For Schultz and her family's farm, navigating the up and down milk prices has meant cutting costs at every place they can.

“We just take a look at how can we minimize our risk,” Schultz said.

Stephenson said every dairy farmer should be looking to manage their risk right now. He says with no long-term clarity on prices, farmers need to be ready for the worst.

“I think that people are just going to have to remain vigilant about these markets, I think they're incredibly difficult to forecast,” Stephenson said.

Stephenson said many farmers didn't sign up for safety nets like the Diary Margin Program in 2019 because prices in 2020 were projected to rise. He said taking a look at programs like that for 2020 — which enrollment started this week on — would be a smart decision.

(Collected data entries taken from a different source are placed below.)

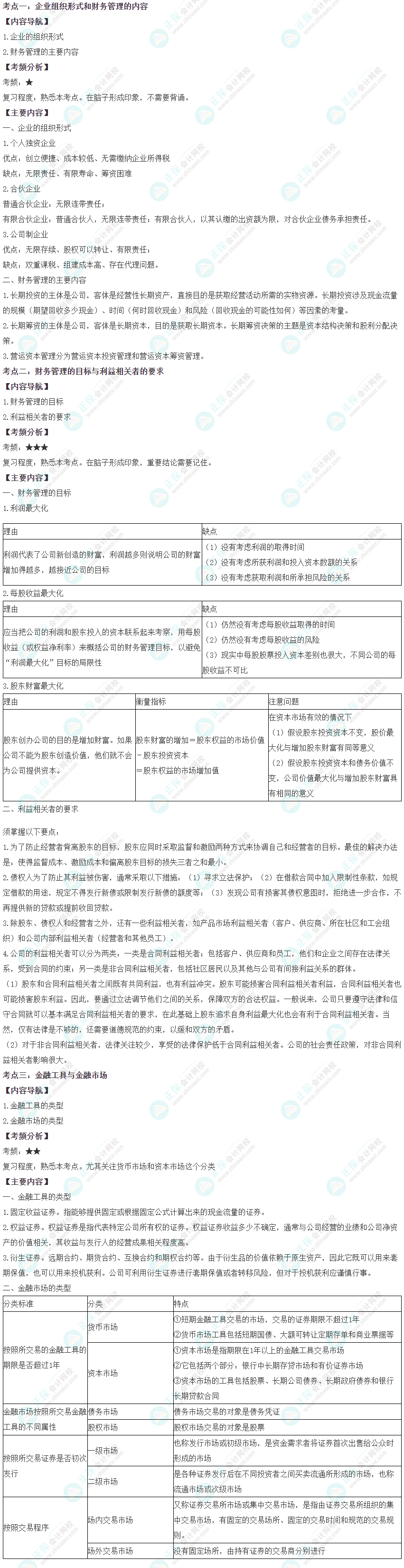 考点二 | 财务管理的目标与利益相关者的要求 | ★★★ |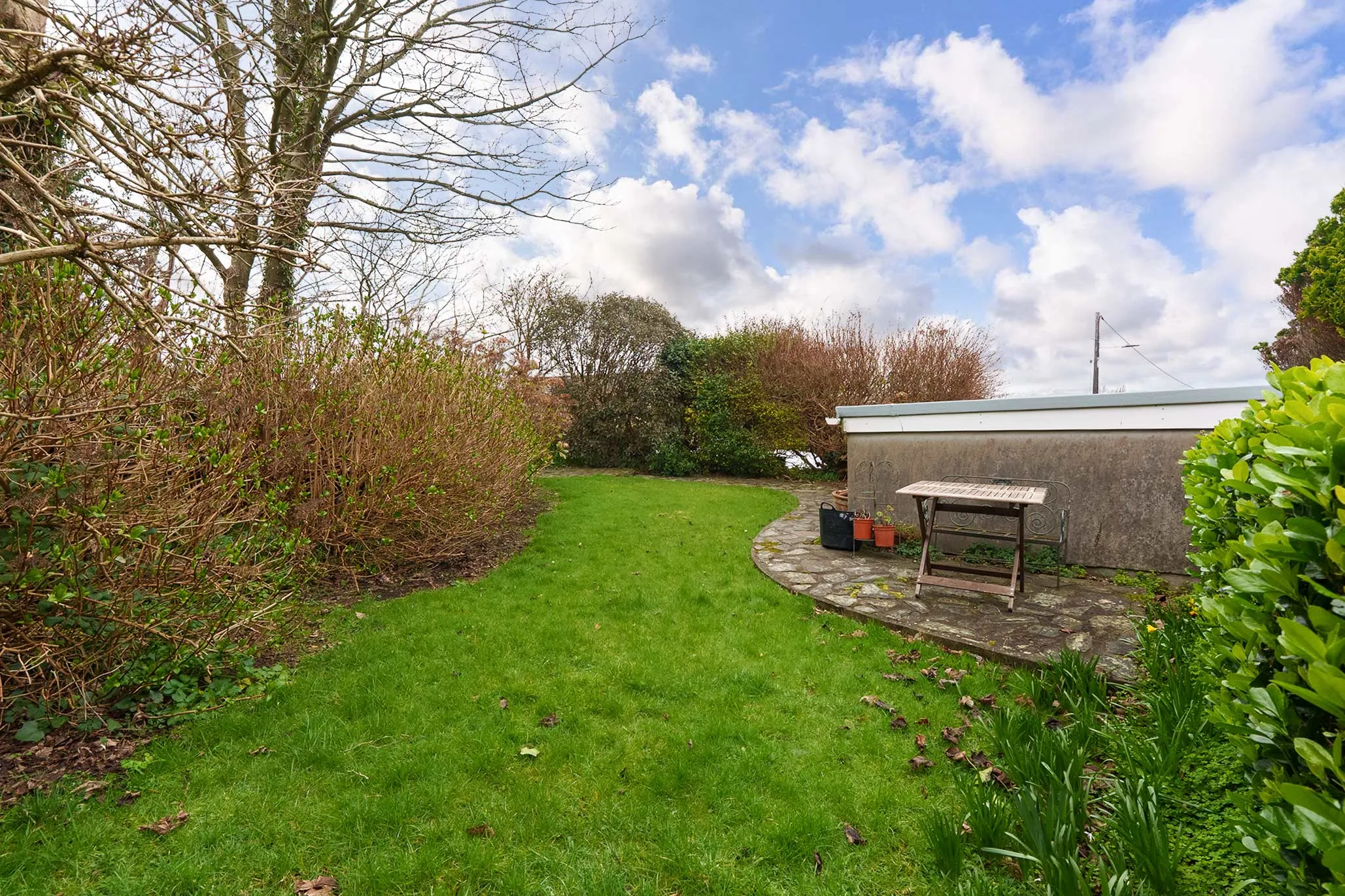 - Externally there is a lawned garden with established shrubs to the borders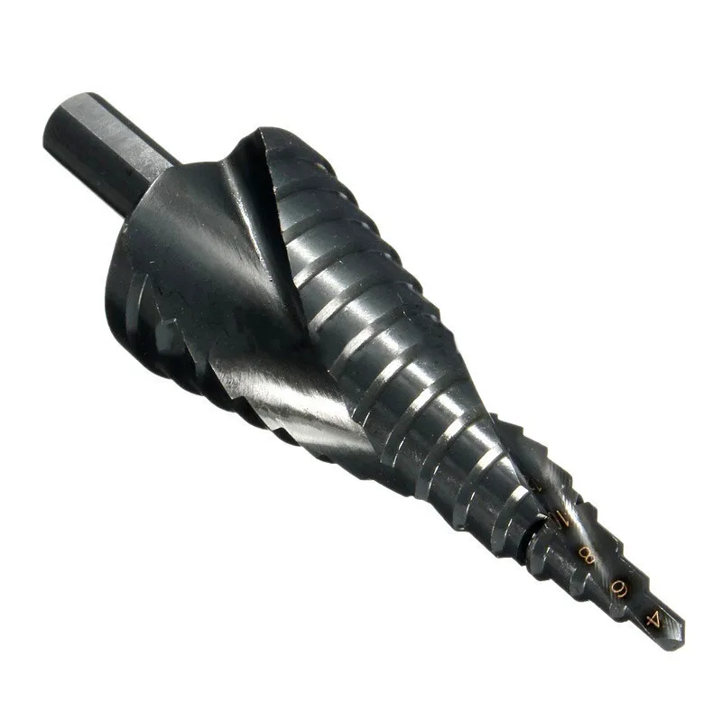 Ступенчатая Буровая головка бура изготовлено из быстрорежущей стали, высокая твердость и устойчивость к истиранию, долгий срок службы.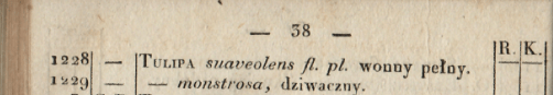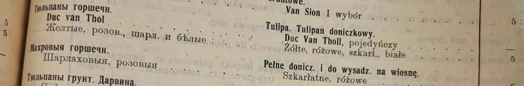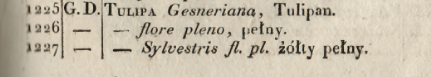 J. Strumila 1822 m. Vilniaus medelyno kataloge mini šias tulpes: Tulipa Gesneriana flore pleno/pelny; Tulipa Gesneriana sylvestris fl.pl./zolty pelny; Tulipa suaveolens flora plena/wonny pelny; Tulipa monstrosa/dziwaczny.

“Producers should really get in there and think about risk management this next year,” Stephenson said. “I think a pandemic is the very definition of risk and that's what you're trying to protect against.”

Stephenson said even with the instability, the average milk price in 2020 could still be higher than previous years. Though futures markets show prices falling low again by the end of the year, and Stephenson worries they could fall more in the Spring.

Stephenson said government emergency federal aid programs have helped a lot of farmers through this year.

He said programs that focused on buying agricultural products to donate to food banks made an impact as well. Like in the Spring when cheese prices went from drastic lows to drastic highs.

“The Farm to Family Food Boxes bought a lot of cheese and dairy products,” Stephenson said. “That was a new demand that we hadn't seen before and the scramble to find fresh cheese for those actually moved cheese prices up over $3 a pound. So it went from $1 a pound to $3 a pound in about a six week time period.”

Stephenson said an average benchmark for profitability for farmers on milk prices is about $17/cwt. He said farms have a wide variety of levels where they will be profitable, but most should be at least just keeping above water at that cost. The marketed milk price has jumped across that line frequently — five times in August alone. However, Stephenson said it's not as if farmers see that change week over week.

“Cash flow is a difficult thing,” Stephenson said. “You really kind of have to look at over the course of a year am I getting on average a big enough milk price to cover on average the cost that I have to produce that milk.”

The thing that makes these markets most difficult is planning ahead. Stephenson said he talks to some processors who aren't even trying to do projections for next year. He said they currently see “long-term” projections as six weeks out.

This makes things difficult for planning business operations. Even with the optimism some farmers have.

“The farmer is the eternal optimist,” Schultz said. “We always think it's going to get better, we always think the prices are going to go up. fortunately that's what probably keeps us going through times that most people would say 'why in the world are you still in business if you're losing money?'”

Schultz said she's hoping for normalcy in the markets and industry — even if we don't know what that will look like.

“What that new normal looks like we're not sure of, but any type of stability is what we're looking for,” Schultz said.

Stephenson said markets won't be normal until coronavirus is under control. Right now things are too unstable with restaurant, school and hospitality dairy purchases.

“It's not under control at this point in time. Until it's really under control I don't think the markets to settle,” Stephenson said.

Stephenson said the industry has done a remarkable job at adjusting to pandemic-created uncertainties. He said the industry has never seen anything quite like this pandemic.

“Right now this is just unscripted,” Stephenson said. “We don't know what the COVID playbook, or a pandemic playbook, really looks like and markets are trying to figure it out.”

There was some good news for farmers recently, the latest Gallup Poll showed public views hold farming at the highest positivity rate of any profession.

“I think that really meant a lot this year to my fellow dairy farmers, and crop farmers across the United States to feel appreciated,” Schultz said.